落語で防災を学ぶ 和市の小学校で(写真付) 

2018年02月10日 20時04分 ニュース, 社会, 防災

小学生に落語で防災を学んでもらおうという取り組みが、きょう(2/10)、和歌山市の砂山小学校で行われ、アマチュア落語家の男性が災害に備えるよう落語で訴えました。

防災落語を演じるゴスペル亭パウロさん

これは、和歌山市の砂山地区を拠点に災害に強く魅力ある街づくりに取り組んでいるNPO法人・砂山バンマツリと砂山小学校区こどもセンターが主催したもので、地元に住むアマチュア福音落語家のゴスペル亭パウロさん、こと、小笠原浩一(おがさわら・こういち)さんに、子どもが楽しく防災を学べる落語を、と依頼し、実現しました。

きょう午前9時半から砂山小学校のランチルームで行われた落語会では、小笠原さんが、学校で防災について学んだ小学3年生の男の子と、母親とのやり取りを通して、地震が起きた時に取るべき行動や非常用持ち出し袋の準備、非常食の買い替えなど、災害に備えることの大切さを強調しました。

また、落語の前には、和歌山県発行のパンフレットで、南海トラフの地震が30年以内に70%の確率で発生することや、地震による津波が和歌山市に到達する時刻などを説明したほか、同じセリフでも言い方や表情によって変化する落語の魅力を紹介しました。

落語の小噺に挑戦する小学生

落語会には、砂山小学校の児童や保護者、地域の住民らおよそ50人が訪れ、小笠原さんが演じる親子の会話に聞き入っていました。

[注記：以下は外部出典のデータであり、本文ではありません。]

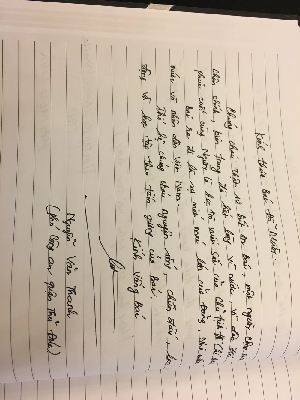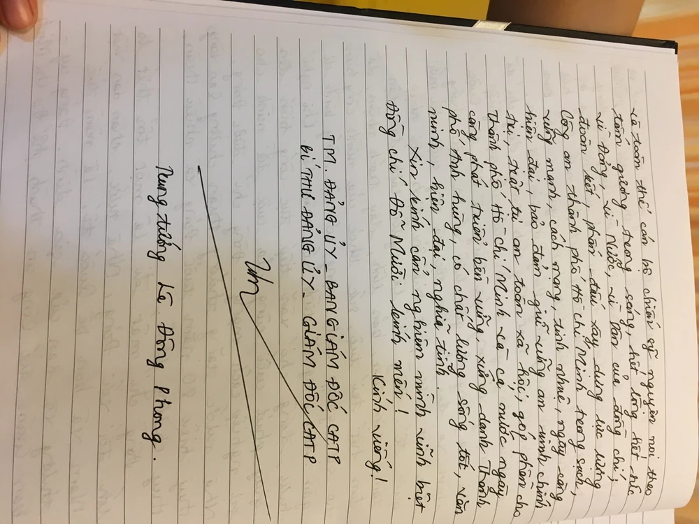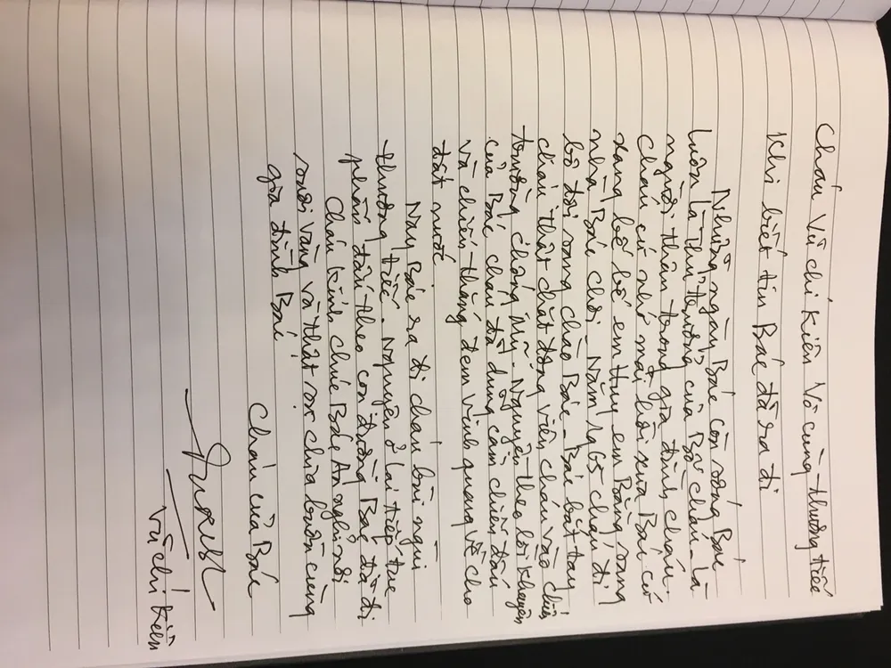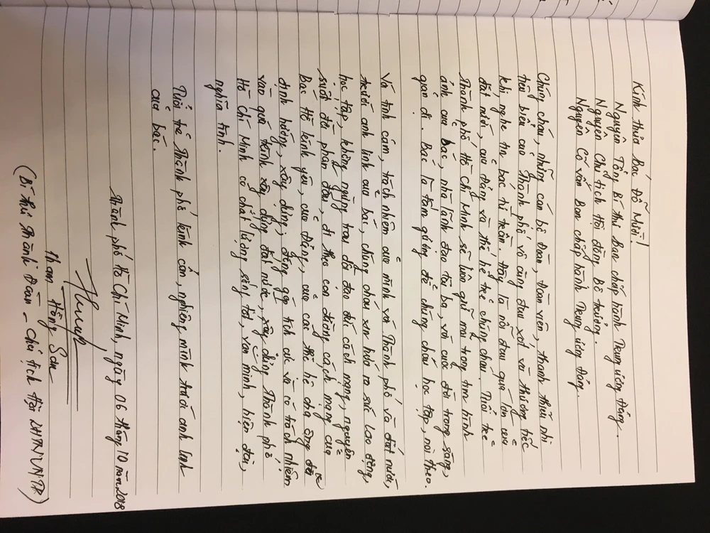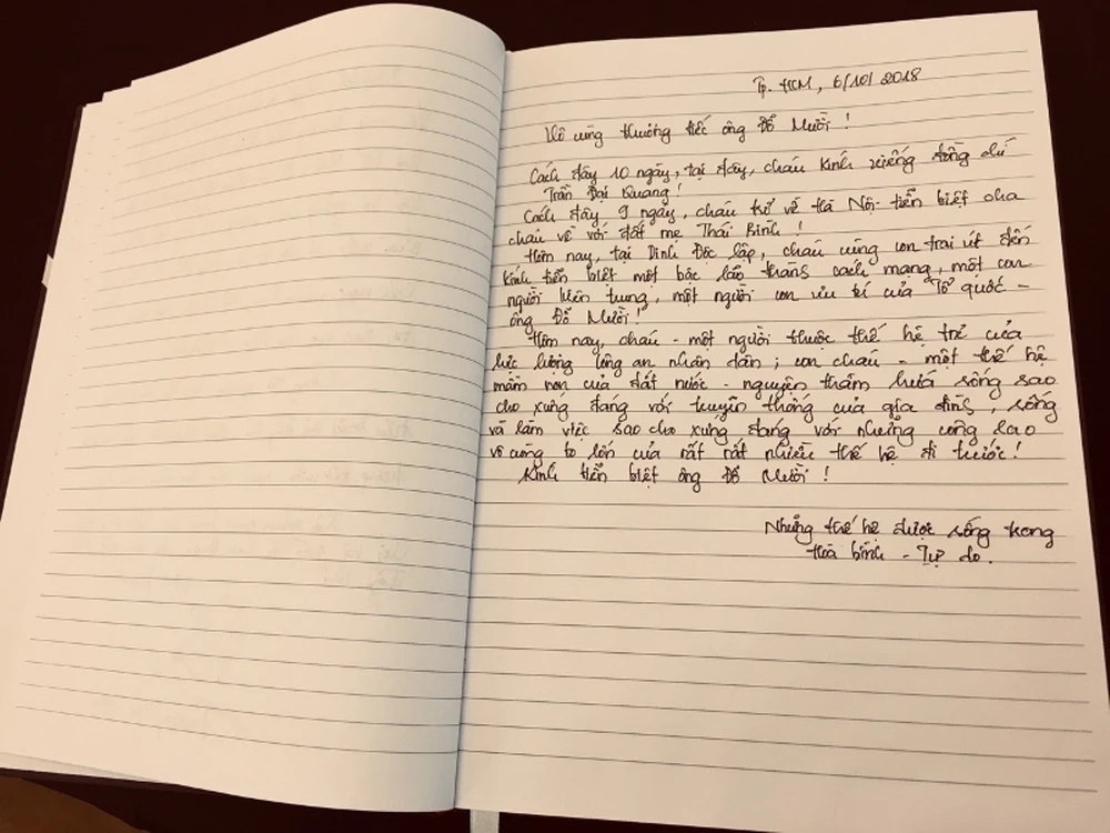Nét chữ của cụ bà đã 80 tuổi tự bắt xe buýt tới, mong tận tay tham gia lễ viếng, viết vào sổ tang, tiễn đưa cố Tổng Bí thư Đỗ Mười.

防災落語を聞いた児童と保護者は、「わかりやすかった。防災の袋を作っていないので用意します」とか、「防災の落語を聞くのは初めてでしたが、避難先を事前に細かく決めておくことなど、内容が具体的でイメージしやすかったです」などと話していました。

和歌山市・砂山小学校で

和歌山市主催のワークショップで、落語家の桂枝曾丸(かつら・しそまる)さんから落語のてほどきを受け、防災士の資格もとったゴスペル亭パウロこと、小笠原さんは、「子どもたちが、近所の人を巻き込んで避難することや、避難袋の確認などを実践してみようと思う一つのきっかけになればと思います。避難所で気を付けることなど、第2弾、3弾の防災落語もつくっていきたい」と話していました。

防災落語の会を主催したNPO法人・バンマツリの代表理事、樫原雅忠(かしはら・まさただ)さんは、「子どもたちが熱心に、落語を聞いていたので、関心を持ってもらえたと思います。子どもから大人へ、防災に備える輪を広げていけるよう今後も取り組みを続けていきます」と話していました。